> [TASK OBJECTIVE]
Your response to the data below should hold nothing except the lines from the one containing "Ich habe eine" down to the one containing "The great thing", reproduced exactly and without pictures.

> [DATASET RECORDS]
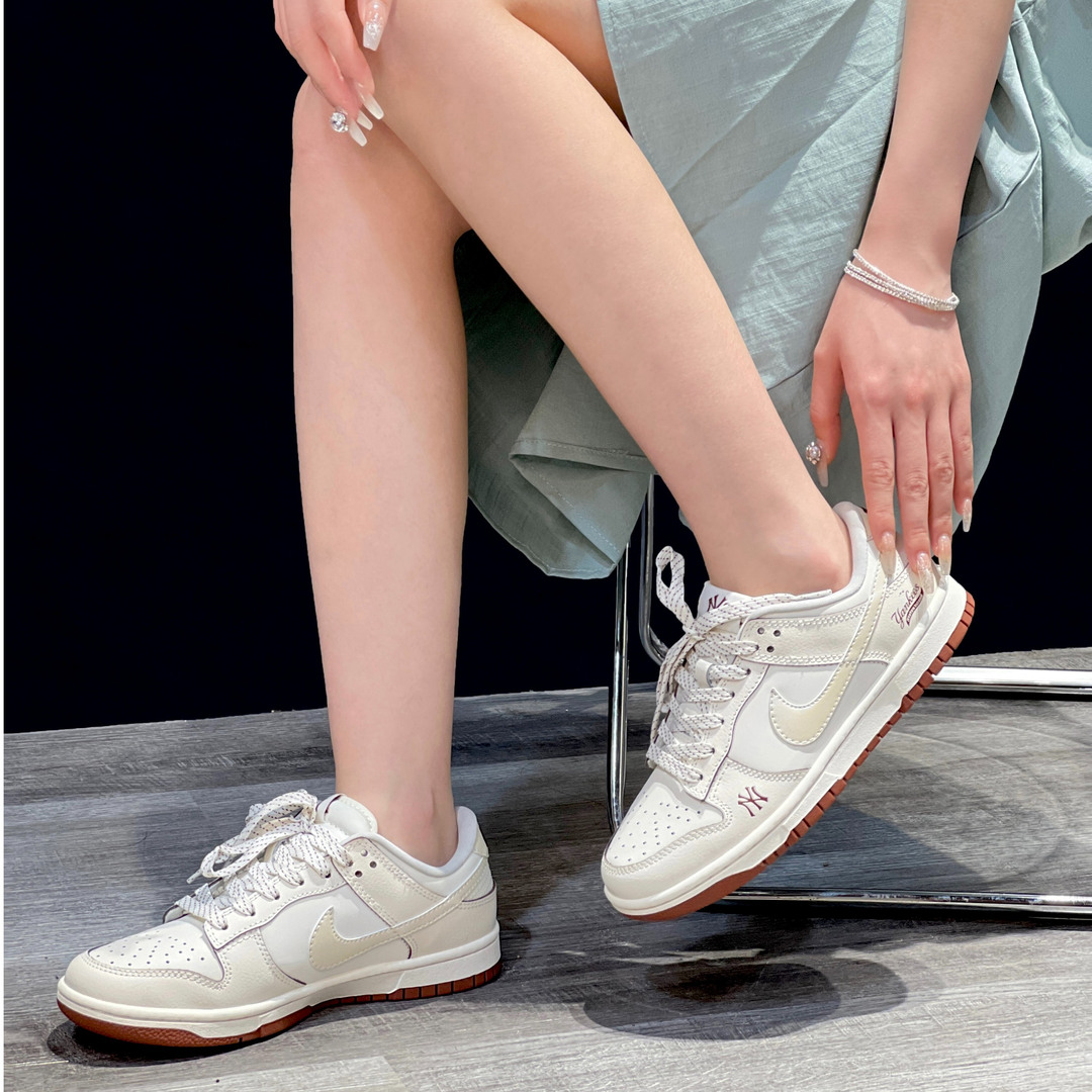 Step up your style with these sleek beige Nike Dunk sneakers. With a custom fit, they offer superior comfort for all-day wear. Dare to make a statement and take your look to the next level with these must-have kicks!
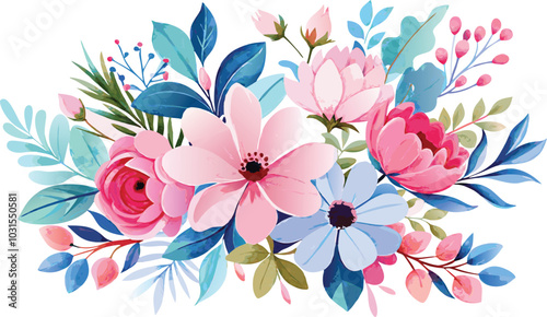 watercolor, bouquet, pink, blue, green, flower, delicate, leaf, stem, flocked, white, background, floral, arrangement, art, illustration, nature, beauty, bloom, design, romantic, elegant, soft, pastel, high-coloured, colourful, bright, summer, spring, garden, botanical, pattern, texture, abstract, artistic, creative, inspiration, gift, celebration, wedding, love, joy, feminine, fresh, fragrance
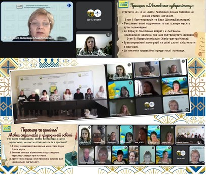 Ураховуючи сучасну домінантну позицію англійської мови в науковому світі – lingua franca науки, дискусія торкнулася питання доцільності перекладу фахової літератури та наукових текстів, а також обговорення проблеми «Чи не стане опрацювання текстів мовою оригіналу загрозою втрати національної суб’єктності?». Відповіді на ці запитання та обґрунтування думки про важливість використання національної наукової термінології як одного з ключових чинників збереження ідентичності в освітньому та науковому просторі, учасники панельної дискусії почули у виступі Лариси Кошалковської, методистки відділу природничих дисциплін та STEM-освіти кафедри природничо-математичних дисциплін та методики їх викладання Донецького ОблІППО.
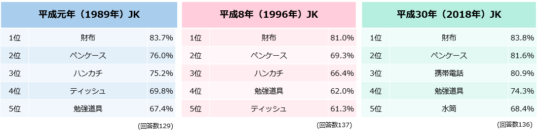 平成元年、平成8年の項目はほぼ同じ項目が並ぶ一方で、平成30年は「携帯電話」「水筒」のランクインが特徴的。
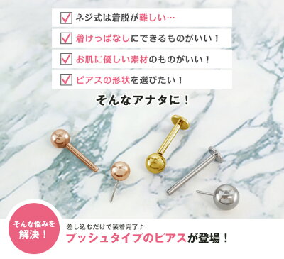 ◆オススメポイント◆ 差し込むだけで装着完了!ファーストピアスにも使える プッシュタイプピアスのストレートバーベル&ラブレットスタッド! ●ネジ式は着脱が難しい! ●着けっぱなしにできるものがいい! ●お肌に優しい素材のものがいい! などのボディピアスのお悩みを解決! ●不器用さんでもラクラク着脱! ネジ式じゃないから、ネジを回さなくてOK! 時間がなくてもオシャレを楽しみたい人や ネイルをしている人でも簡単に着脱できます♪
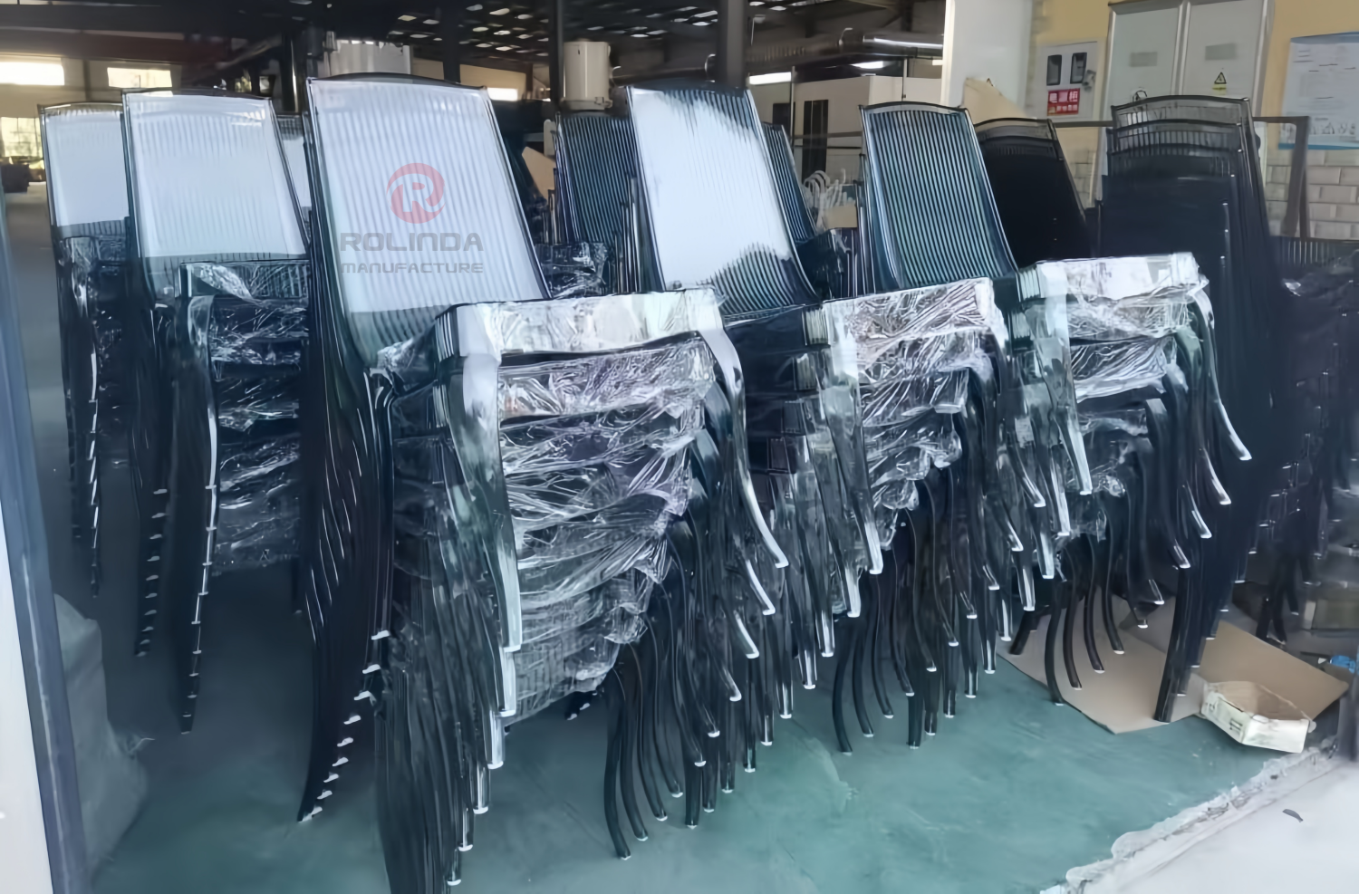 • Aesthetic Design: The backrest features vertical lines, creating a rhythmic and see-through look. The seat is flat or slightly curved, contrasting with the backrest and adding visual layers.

--

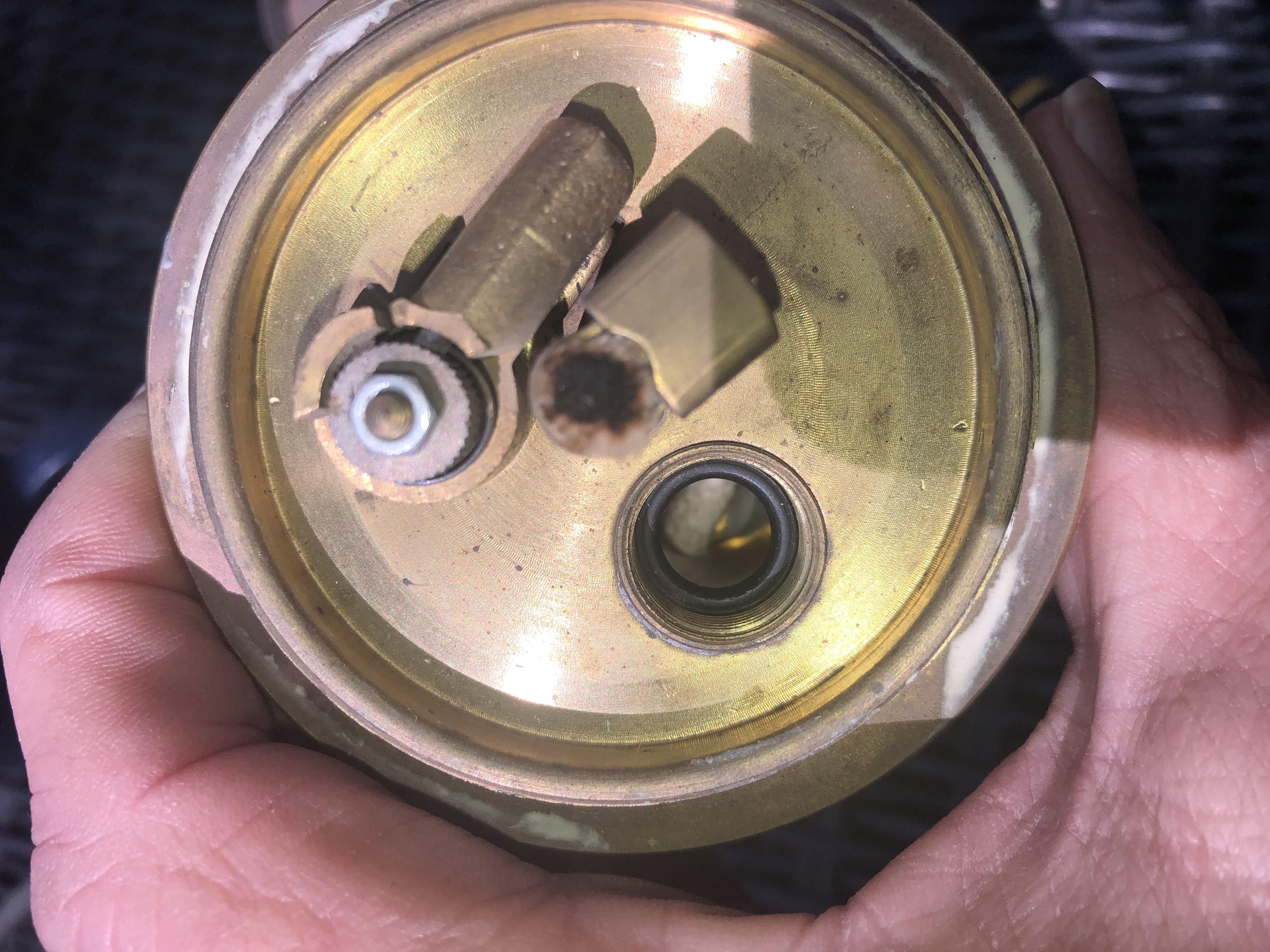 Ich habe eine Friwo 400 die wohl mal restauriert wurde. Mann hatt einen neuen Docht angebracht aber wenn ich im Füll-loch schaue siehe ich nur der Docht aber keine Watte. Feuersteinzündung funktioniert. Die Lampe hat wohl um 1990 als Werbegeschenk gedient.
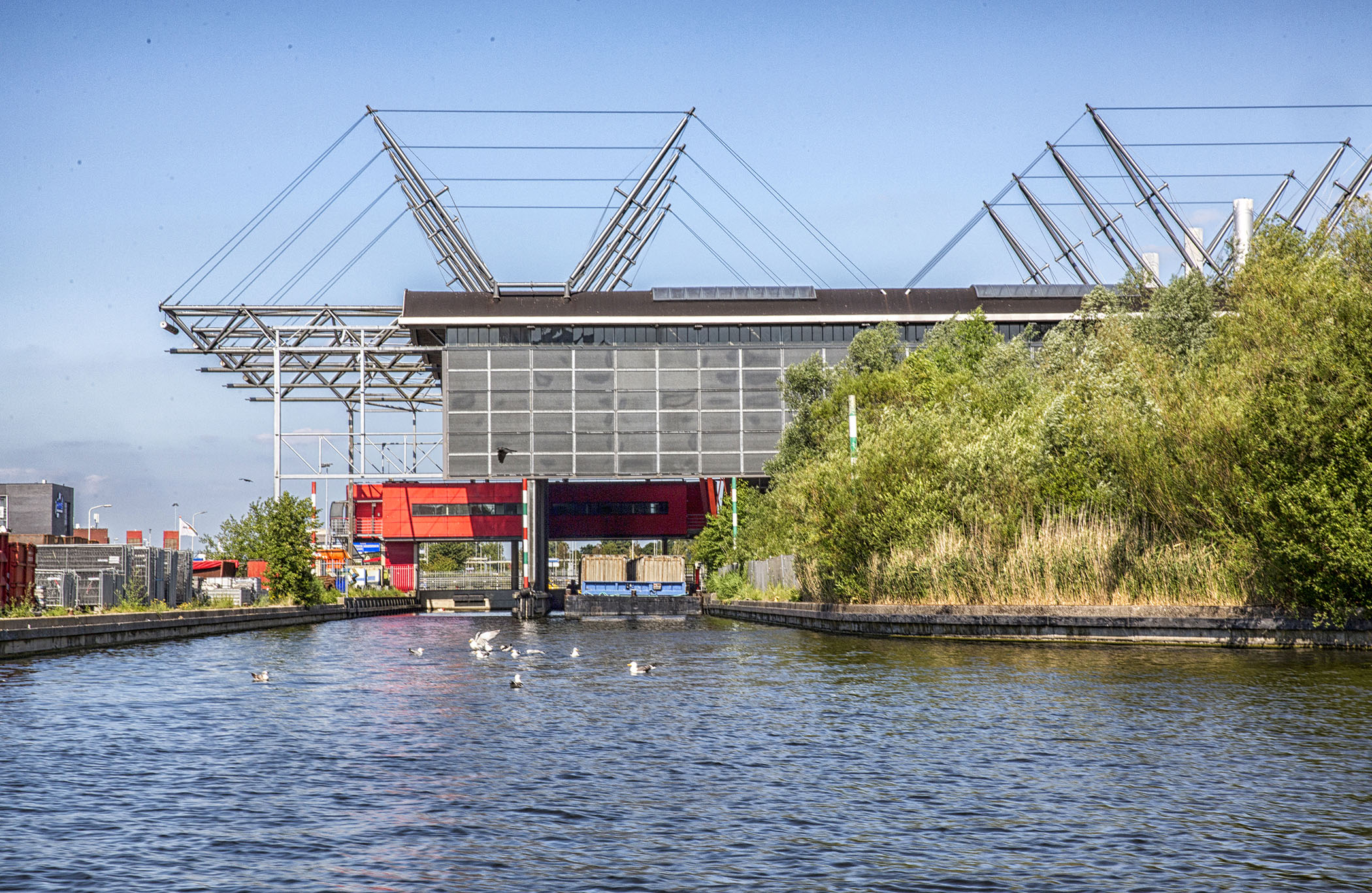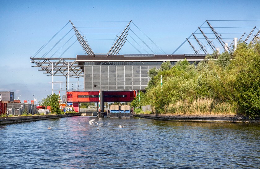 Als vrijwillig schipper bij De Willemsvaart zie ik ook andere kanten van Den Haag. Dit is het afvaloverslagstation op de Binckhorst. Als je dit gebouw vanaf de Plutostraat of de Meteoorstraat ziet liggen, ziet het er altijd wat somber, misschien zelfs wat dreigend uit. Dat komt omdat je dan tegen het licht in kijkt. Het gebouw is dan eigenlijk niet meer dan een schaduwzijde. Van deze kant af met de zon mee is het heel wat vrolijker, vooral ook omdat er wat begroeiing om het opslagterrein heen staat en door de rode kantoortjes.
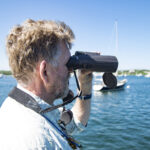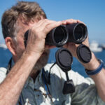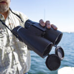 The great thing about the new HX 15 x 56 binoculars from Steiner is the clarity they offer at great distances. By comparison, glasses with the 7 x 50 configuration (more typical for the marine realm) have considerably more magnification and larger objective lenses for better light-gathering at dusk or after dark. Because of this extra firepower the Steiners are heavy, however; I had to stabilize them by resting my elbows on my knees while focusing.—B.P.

--

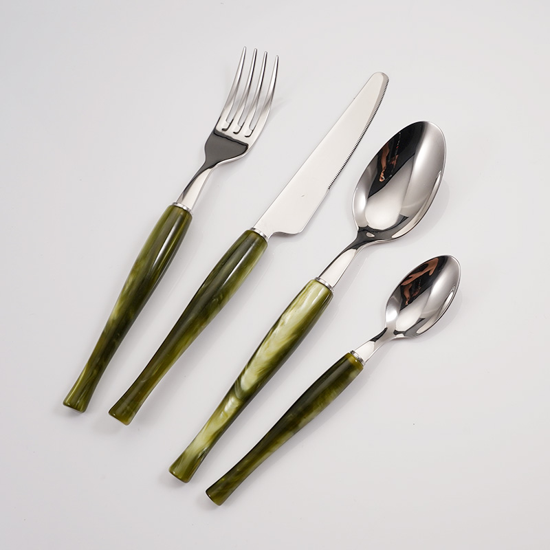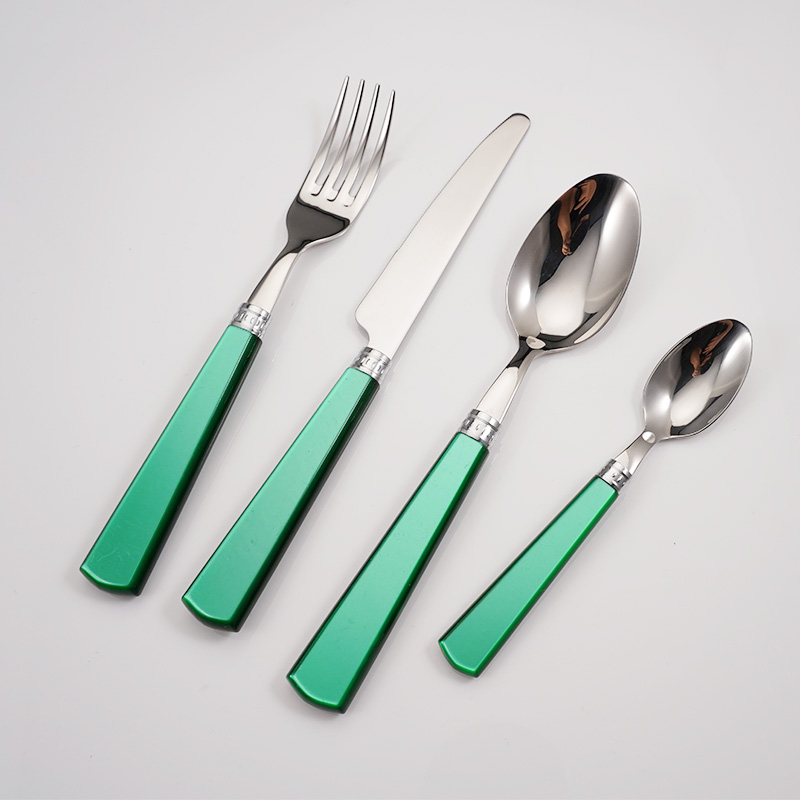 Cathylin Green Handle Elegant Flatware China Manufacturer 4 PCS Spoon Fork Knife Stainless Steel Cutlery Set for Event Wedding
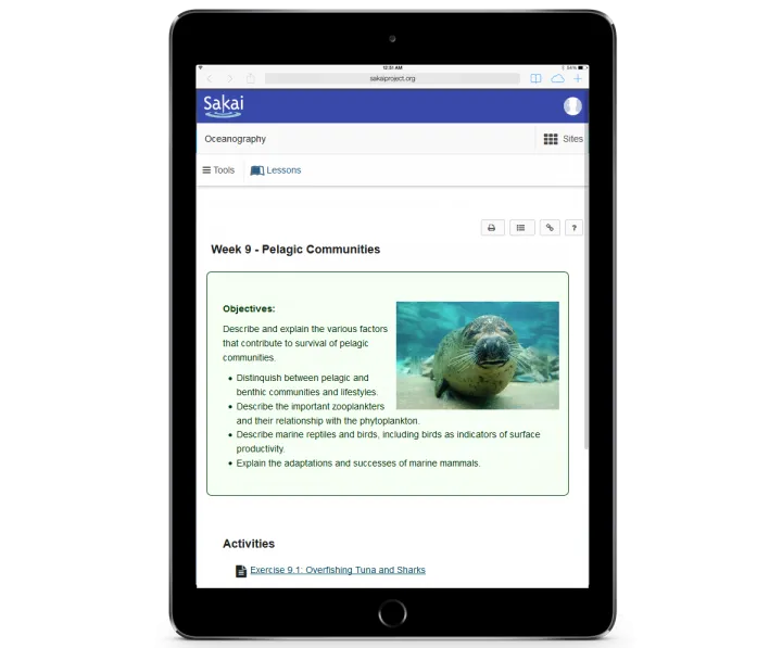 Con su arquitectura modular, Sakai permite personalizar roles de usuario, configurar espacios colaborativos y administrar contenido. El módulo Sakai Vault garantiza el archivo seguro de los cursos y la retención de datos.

> [FINISHED EXERCISE]
 Ich habe eine Friwo 400 die wohl mal restauriert wurde. Mann hatt einen neuen Docht angebracht aber wenn ich im Füll-loch schaue siehe ich nur der Docht aber keine Watte. Feuersteinzündung funktioniert. Die Lampe hat wohl um 1990 als Werbegeschenk gedient.
 Als vrijwillig schipper bij De Willemsvaart zie ik ook andere kanten van Den Haag. Dit is het afvaloverslagstation op de Binckhorst. Als je dit gebouw vanaf de Plutostraat of de Meteoorstraat ziet liggen, ziet het er altijd wat somber, misschien zelfs wat dreigend uit. Dat komt omdat je dan tegen het licht in kijkt. Het gebouw is dan eigenlijk niet meer dan een schaduwzijde. Van deze kant af met de zon mee is het heel wat vrolijker, vooral ook omdat er wat begroeiing om het opslagterrein heen staat en door de rode kantoortjes.
 The great thing about the new HX 15 x 56 binoculars from Steiner is the clarity they offer at great distances. By comparison, glasses with the 7 x 50 configuration (more typical for the marine realm) have considerably more magnification and larger objective lenses for better light-gathering at dusk or after dark. Because of this extra firepower the Steiners are heavy, however; I had to stabilize them by resting my elbows on my knees while focusing.—B.P.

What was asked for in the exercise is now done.